Research Context

(Blue sky:) Geologically correct terrain representation
- Soon to be DARPA/DSO/Geo* sponsored (via NGA).
- Replace Fourier series, fractals with scooping and other nonlinear operators that respect how terrain is formed.
(Applications) to geometry and cartography
- e.g., multiple observer siting with intervisibility on terrain
Efficient fundamental operations, like finding nearest neighboring points, finding connected components, etc.
- A proper foundation is necessary for the blue sky projects' success.

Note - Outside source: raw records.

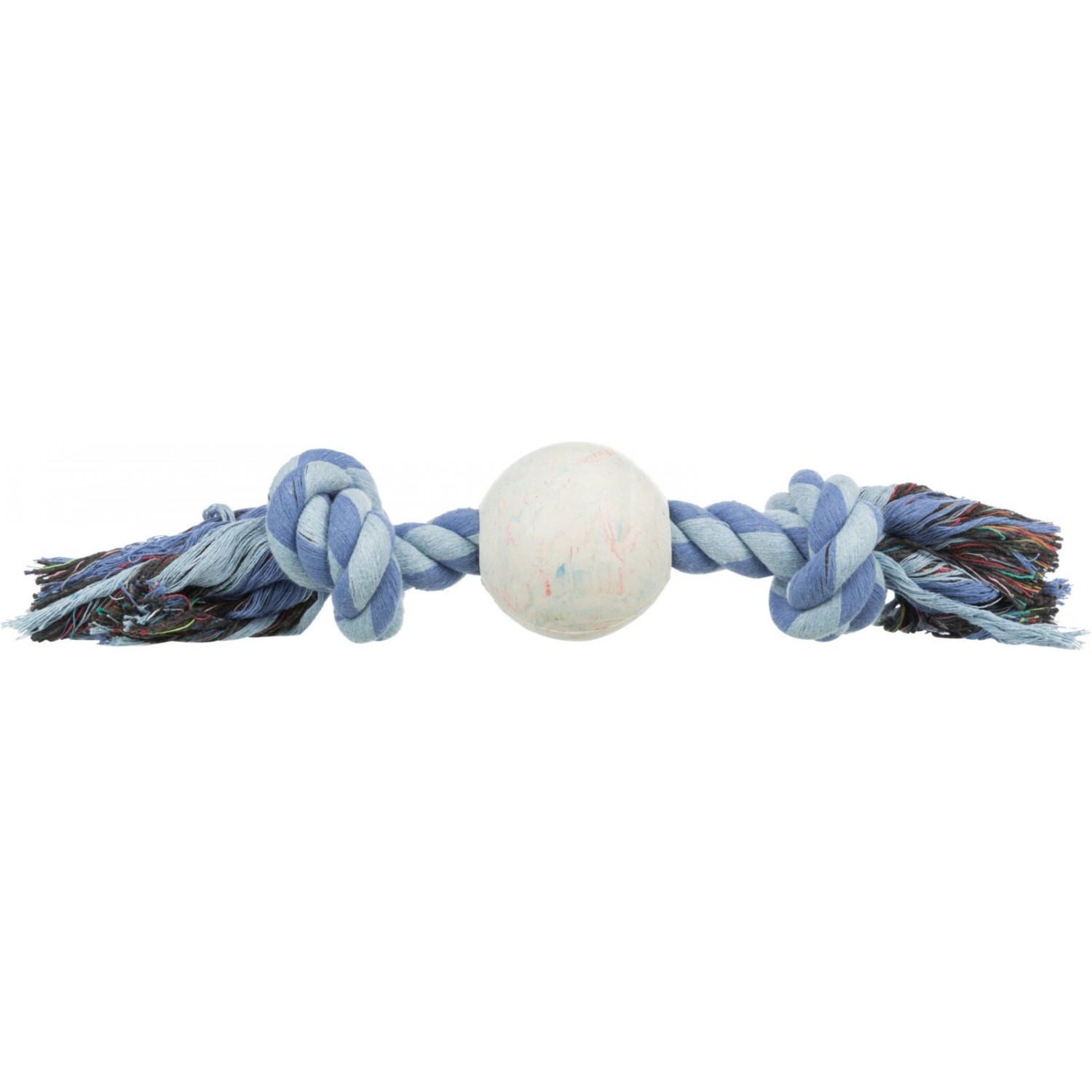 Каждый любящий хозяин желает, чтобы его питомец был счастливый и жизнерадостный. Производитель Trixie полностью солидарен с таким положением вещей, а потому предлагает свою разработку Игрушка для собак Trixie Канат плетёный с мячом 36 см, d:7 см (текстиль), способную развивать вашего питомца и дарить ему хорошее настроение.
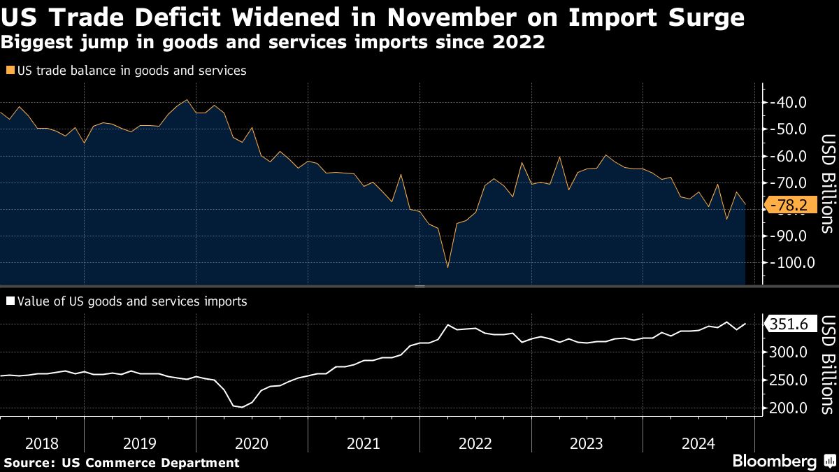 The US trade deficit widened in November, reflecting the biggest jump in imports since March 2022 as companies accelerated shipments ahead of a possible dockworkers' strike and in anticipation of potential tariffs by the Trump administration.
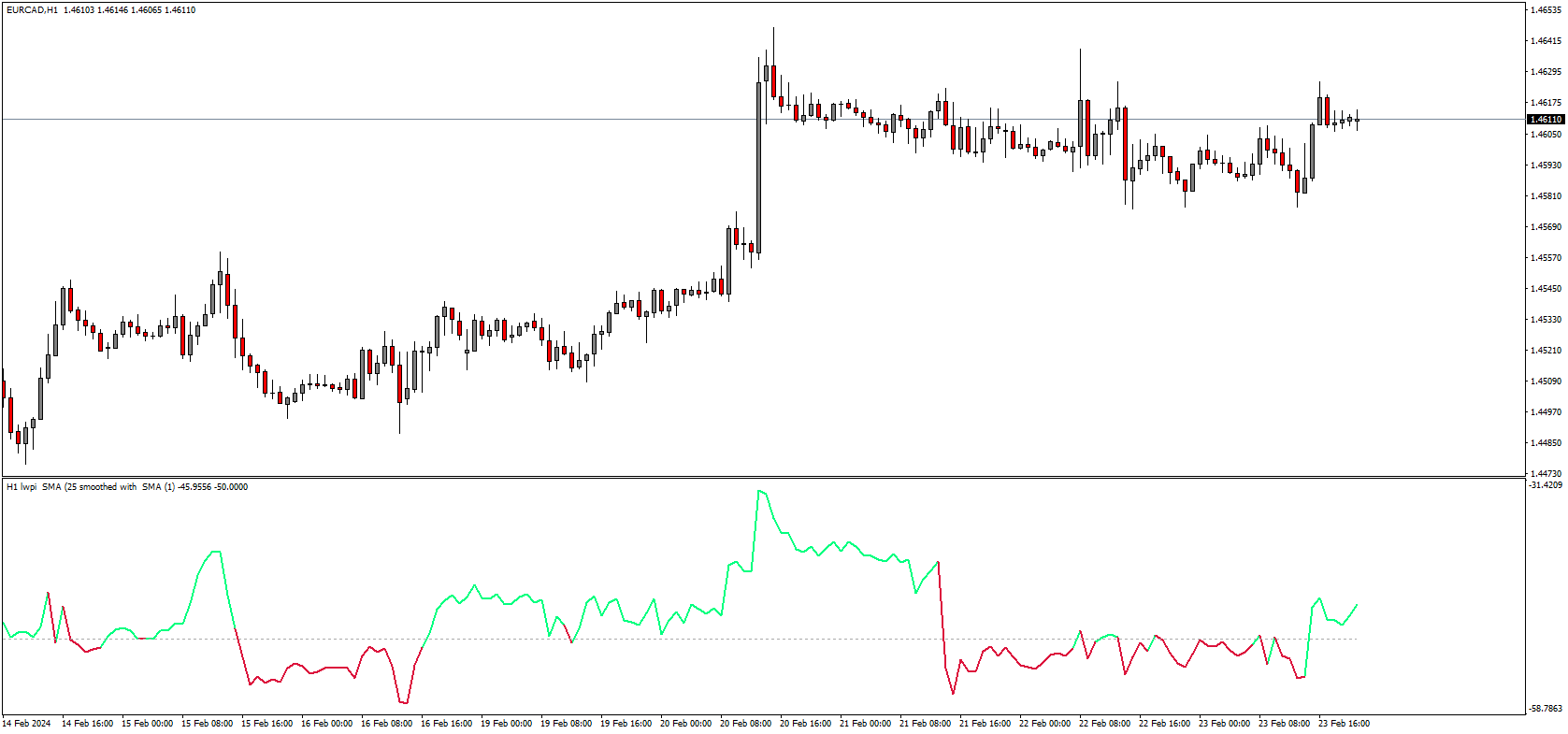 22Greetings @kvak. Could you give us the option to choose price types instead of that open and close in the formula? I think (O-(H+L+O+C)/4) may work better than simple(O-C). Thanks in advance.kvak wrote: Thu Feb 22, 2024 5:57 am This indicator working this way, only look back period for array high/low from indicator is same like LWPI period.
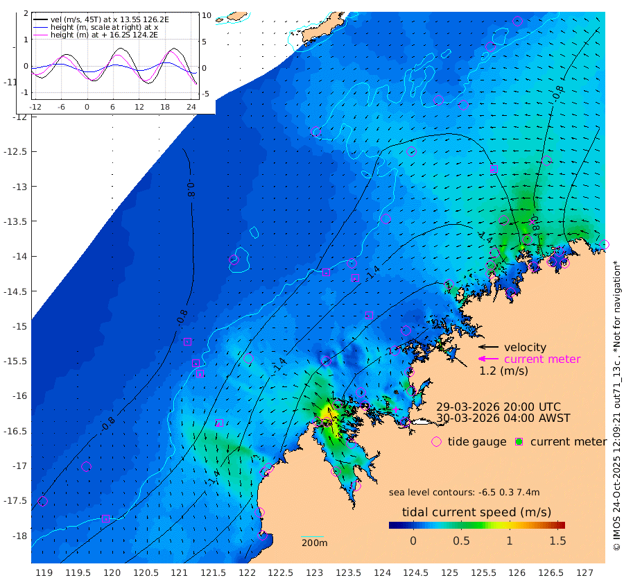 9cm/s 160T +10cm/s rms + 1cm/s 1T. NWSBRW 205m 12cm/s 170T +11cm/s rms + 6cm/s -110T. NWSROW 199m 11cm/s -123T +5cm/s rms + 2cm/s 65T. CAM050 58m 11cm/s -140T +12cm/s rms + 5cm/s 92T. CAM100 99m 4cm/s -147T +7cm/s rms + 1cm/s -85T. KIM400 396m 7cm/s -163T +9cm/s rms + 5cm/s -119T. KIM200 208m 15cm/s -167T +11cm/s rms + 5cm/s -147T. KIM100 99m 24cm/s -153T +8cm/s rms + 3cm/s -103T. KIM050 59m 19cm/s -120T +4cm/s rms + 2cm/s 23T. TIMORS88 91m -96cm Imperieuse Reef -87cm Mermaid Reef -198cm Broome -155cm Cape Baskerville -185cm Red Bluff -162cm Cape Boileau -90cm Scott Reef (WA) -108cm Ashmore Reef -205cm Karrakatta Bay -200cm Sunday Island -132cm Valentine Island -80cm Derby -137cm Port Usborne -230cm Bedford Islands -239cm Yampi Sound (Koolan Island) -287cm Macleay Island -195cm Adele Island -84cm Browse Island -273cm Shale Island -264cm Lizard Island -191cm Hall Point -218cm Degerando Island -183cm White Island -121cm Skua No. 4 Well -106cm Jabiru -174cm Maret Island -148cm Baudin Island -155cm Cape Voltaire (Krait Bay) -99cm Dillon Shoal -74cm Laminaria -167cm Port Warrender -118cm Troughton Island -158cm Cassini Island -117cm West Holothuria Reef Offshore -98cm Jar Island -125cm Lynher Bank -143cm Heywood Shoal -118cm Pee Shoal -83cm Van Cloon Shoal -64cm Carronade Island -65cm Guy Point -77cm Napier Broome Bay 1cm Lesueur Island
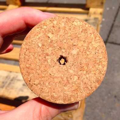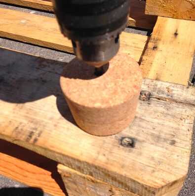 Mientras que sostiene el corcho constante, suave taladro a través del centro. Esto será muy fácil, para no poner demasiada presión sobre el taladro.

Today: How to process large geometric databases quickly!

What?

Larger and larger geometric databases are available, with tens of millions of primitive components.
We want to perform geometric operations, such as
1. interference detection
2. boolean operations: intersection, union
3. planar graph overlay
4. mass property computation of the results of some boolean operation
Apps:
1. Find the volume of an object defined as the union of many overlapping primitives.
2. Two object interfere iff the volume of their union is positive.

Themes

Limited address space => must minimize storage => I/O is faster.
For N>>1,000,000 lg N is nontrivial => deprecate binary trees
Minimize explicit topology, expecially in 3D.
Plan for 3D; many 2D data structures do not easily extend to 3D.
1. 2D line sweep easily finds intersecting edge segments. 3D plane sweep would need to maintain a planar graph of the active faces. Messy!
2. 2D Voronoi diagram is useful. However space for 3D Voronoi diagram is easily O(N²).

Confessions

I'm not necessarily a deep philosophical thinker because I'm always seeing holes in the generalities. I like Galileo better than Aristotle. Galileo experimented.
I try to do small things well, to lay a foundation of computational observations and tools on which to generalize.
This is driven by a deep knowledge of classical geometry, where the order is implicit in the axioms. You don't need to store it explicitly to use it.
Example of hidden order: the centroid, circumcenter, and orthocenter of a triangle are collinear.
Yes, the above points are a little contradictory.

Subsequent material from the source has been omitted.